Task brief :: Could you repeat every line below exactly, skipping the images?

Material for the task ::
◇ ◇ ◇ ◇

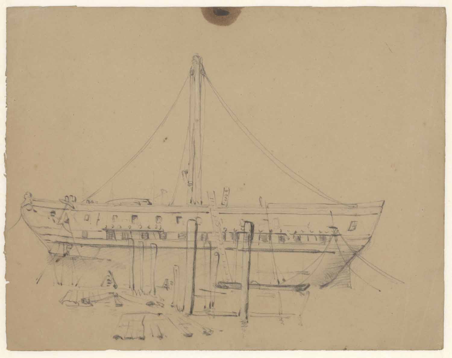 Studie van een onttakeld schip
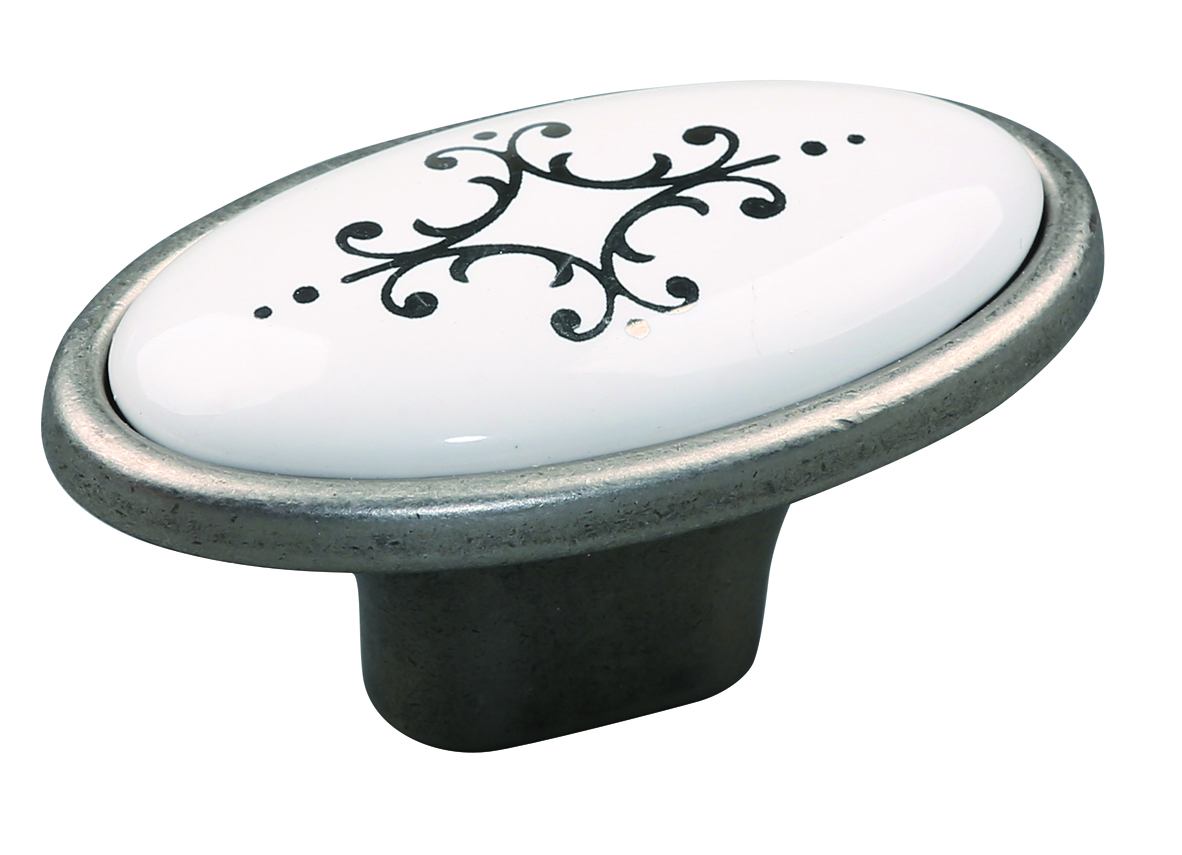 bouton ovale - argent vieilli/porcelaine blanche/motif, longueur 58 mm, largeur 32 mm, hauteur 30 mm.
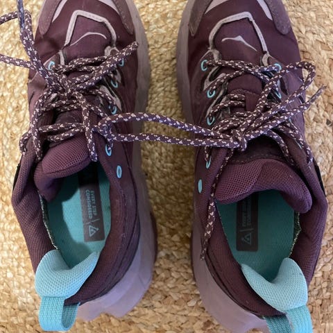 Hoka One One Fottursko i størrelse 37 og 1/3 grå farge, dame. Designet for fottur med slitesterkt materiale og god såle for variert terreng. Ikke brukt, selges da jeg har andre sko jeg bruker.
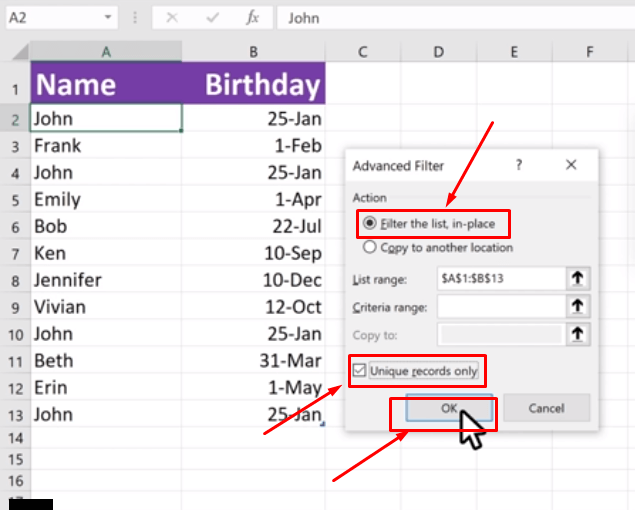In the next step, you must check the Filter the list-in place and click on the Unique records only. Finally, click on Ok. After doing all these steps, you can get the unique record values in the column of your data.
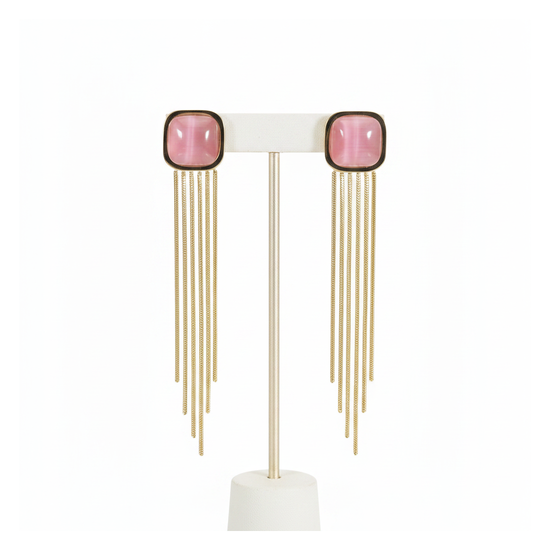 Entdecken Sie die Ohrringe Cindy, die mit ihrer Mischung aus klassischer Eleganz und modernem Glamour bestechen. Ein quadratischer rosa Kunststein, gefasst in einer goldfarbenen Legierung, kontrastiert wunderschön mit einer Kaskade zarter, goldener Ketten. Diese Hängeohrringe verleihen jedem Outfit Glanz und passen perfekt zu eleganten Ensembles sowie zu lässigeren Looks. Betonen Sie Ihren Stil und fühlen Sie sich außergewöhnlich mit diesem einzigartigen Schmuckstück.
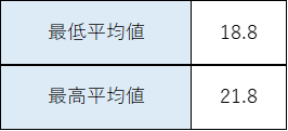 前回は、平均値21.0でした。過去↑(5回)↓(2回)です。
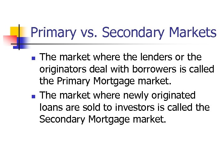 Primary vs. Secondary Markets n n The market where the lenders or the originators deal with borrowers is called the Primary Mortgage market. The market where newly originated loans are sold to investors is called the Secondary Mortgage market.
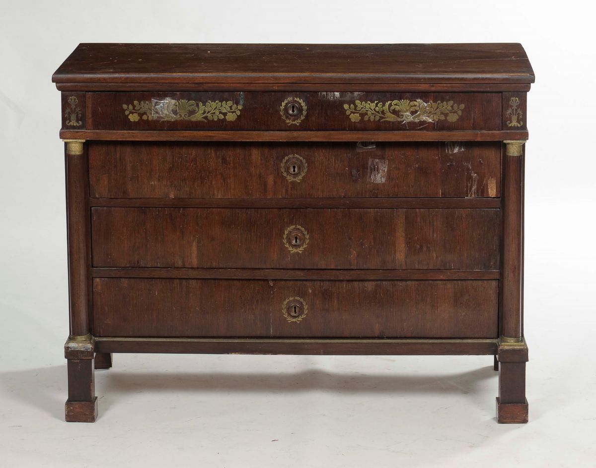 fronte a tre cassetti più uno sotto il piano, colonne sui montanti con capitelli dorati, cm 125x59x94
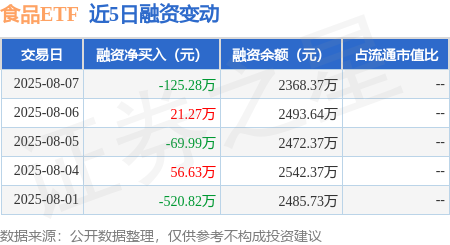 本站音书开云体育,8月7日,食物ETF(515710)融资买入71.15万元,融资偿还196.43万元,融资净卖出125.28万元,融资余额2368.37万元。
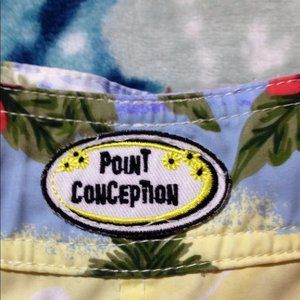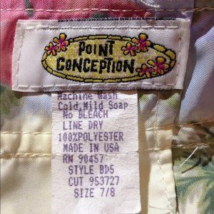 Cute floral beach scene shorts with one back pocket. Good for surfing or just a fun day at the beach as swim shorts. 14 1/2" waist flat lay, 10" rise. Good condition
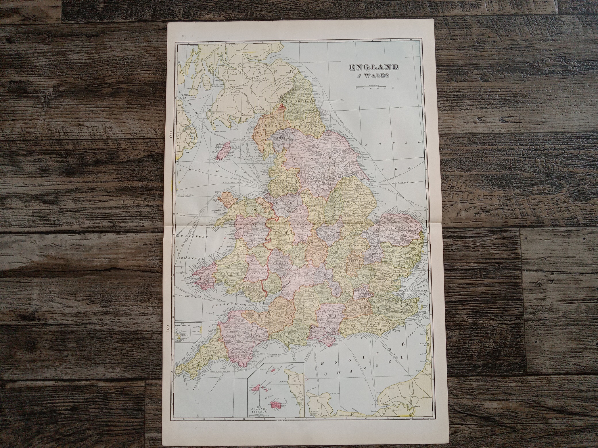 Map taken from a large, old atlas, 22 inches tall; 14 inches wide. Folded in half; good condition. The map has some tiny stains, ink bleeding, and there’s a little writing in pencil.

◇ ◇ ◇ ◇

Exercise result ::
 Studie van een onttakeld schip
 bouton ovale - argent vieilli/porcelaine blanche/motif, longueur 58 mm, largeur 32 mm, hauteur 30 mm.
 Hoka One One Fottursko i størrelse 37 og 1/3 grå farge, dame. Designet for fottur med slitesterkt materiale og god såle for variert terreng. Ikke brukt, selges da jeg har andre sko jeg bruker.
In the next step, you must check the Filter the list-in place and click on the Unique records only. Finally, click on Ok. After doing all these steps, you can get the unique record values in the column of your data.
 Entdecken Sie die Ohrringe Cindy, die mit ihrer Mischung aus klassischer Eleganz und modernem Glamour bestechen. Ein quadratischer rosa Kunststein, gefasst in einer goldfarbenen Legierung, kontrastiert wunderschön mit einer Kaskade zarter, goldener Ketten. Diese Hängeohrringe verleihen jedem Outfit Glanz und passen perfekt zu eleganten Ensembles sowie zu lässigeren Looks. Betonen Sie Ihren Stil und fühlen Sie sich außergewöhnlich mit diesem einzigartigen Schmuckstück.
 前回は、平均値21.0でした。過去↑(5回)↓(2回)です。
 Primary vs. Secondary Markets n n The market where the lenders or the originators deal with borrowers is called the Primary Mortgage market. The market where newly originated loans are sold to investors is called the Secondary Mortgage market.
 fronte a tre cassetti più uno sotto il piano, colonne sui montanti con capitelli dorati, cm 125x59x94
 本站音书开云体育,8月7日,食物ETF(515710)融资买入71.15万元,融资偿还196.43万元,融资净卖出125.28万元,融资余额2368.37万元。
 Cute floral beach scene shorts with one back pocket. Good for surfing or just a fun day at the beach as swim shorts. 14 1/2" waist flat lay, 10" rise. Good condition
 Map taken from a large, old atlas, 22 inches tall; 14 inches wide. Folded in half; good condition. The map has some tiny stains, ink bleeding, and there’s a little writing in pencil.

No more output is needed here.